Divergent Talent Group (DTG)’s Welsh points out that there was a tendency for casting directors in the past to “tell clients to say they were not autistic or had ADHD, as they thought it might lose them the job.”
He points out that some of the industry’s biggest and best talent are neurodivergent, citing the openly-dyslexic Steven Spielberg and Steve McQueen, or Greta Gerwig, who was diagnosed with ADHD as an adult. Welsh understands all too well what Barbie auteur Gerwig would have gone through, having started his career as a multi-hyphenate who became disillusioned, “finding myself having intense periods of hyper focus on one thing, and then losing interest.”
“When I was an actor, I’d be up for ‘gross misconduct’ for messing about on stage and that was because of a condition I didn’t know I had at that point,” he says. “I had this meandering career. I was finding myself thinking about what I wanted my life to look like and being an artist wasn’t part of that anymore.”
It wasn’t until he was diagnosed with ADHD during the pandemic and simultaneously became a father that Welsh realized he could help others who had been in his position.
His agency dedicated to neurodivergent talent has been running for more than two years now and has flourished. Welsh says the response to “an idea I had in a sushi bar” has been “overwhelming.” He is very strict about limiting his client numbers so that he can give due care and attention, and says buyers who used to “not even know the definition of neurodivergent” now have a “readiness to do this.”
Welsh is a firm believer in the “purple pound” — the idea that one must make the business case for better representation as well as the moral one. “You have to show it makes business sense and is not just a good thing to do,” he says.

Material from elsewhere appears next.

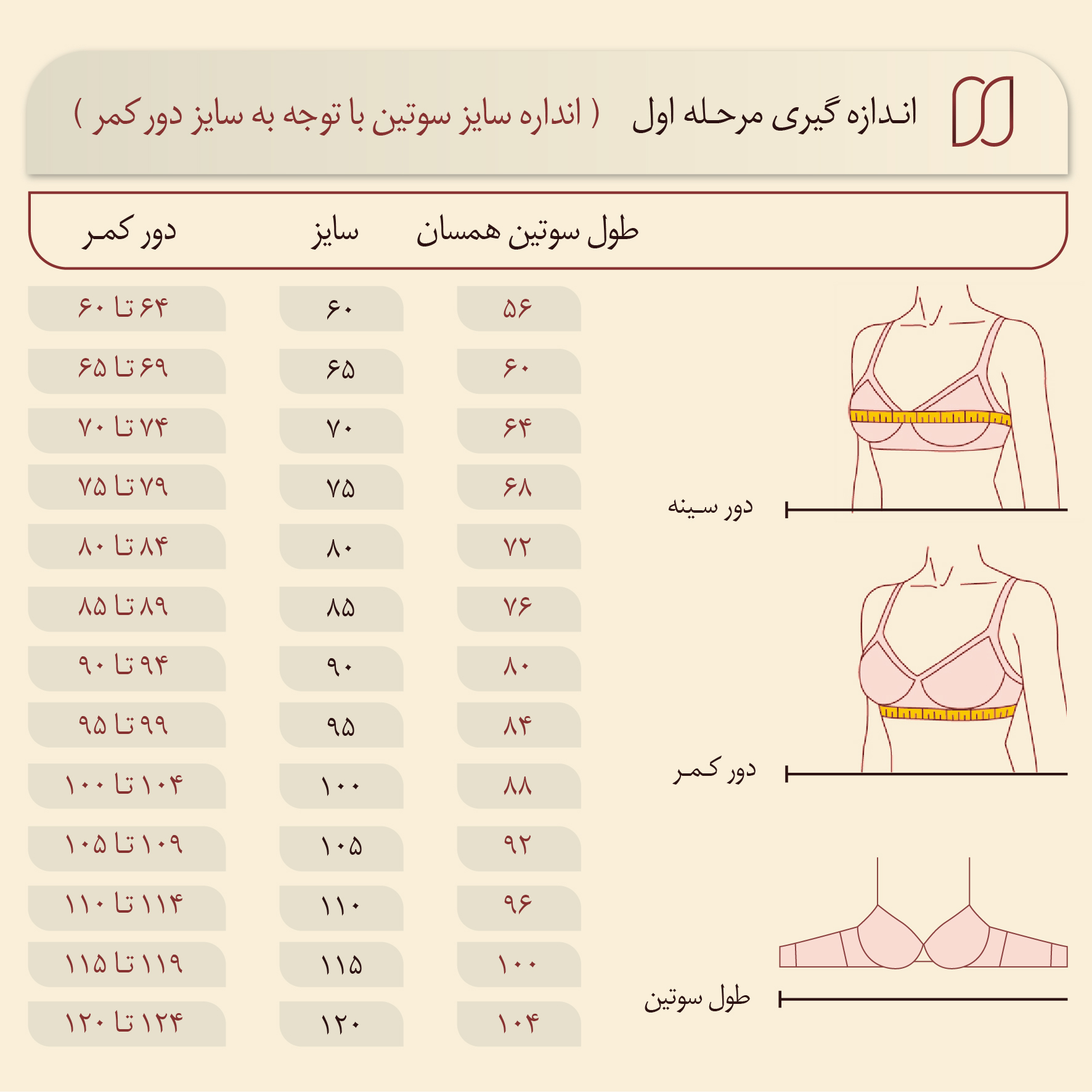 2. محاسبه: اختلاف بین اندازه دور سینه و اندازه زیر سینه به شما کمک میکند تا کاپ مناسب را پیدا کنید.

Comparable with Dyson, Welsh represents his clients in a traditional sense, but also advocates for their needs, taking a holistic approach. “If one of my actors is cast in a TV show then then we will always provide access consultancy on the script, for example, to ensure that the representation feels authentic,” he explains.
Paradigm shifts
Welsh is meeting with his company’s advisory board later this month to outline more ideas to grow the company, and says his biggest hope is “that there has been a paradigm shift from two years ago when this stuff was alien to people.”
Welsh, Roach, Johnson, Fernandez and others in this space are leaning in to this shift, pushing against that “disgusting” term floated by the Australian theatrical agent supremo Peggy Ramsay.
They are battling against the prejudices that have both overtly and covertly impacted the TV and film sector for decades, trying to imbue structure into an industry that has traditionally been built on informalities to the detriment of people from under-represented backgrounds. By normalizing such practices, training access co-ordinators and stressing the need for disabled people to be represented in a way that makes their condition incidental to a role, they hope to ride the sea change.
Dyson knows that it takes a group effort. She becomes “really angry” as she recalls a lack of “real action” from the people at the top during her three-decade tenure as a changemaker, which only makes her more determined. “There have been masses of initiatives, conference speeches and spotlighting with all the broadcasters, but what they fail to grasp is the need for a mechanism to make it happen,” she says. “My dream is that disability will be so integrated as to be completely unremarkable.”
And, with that, Dyson lays down a marker. The agent’s role will be crucial in the future of disabled talent.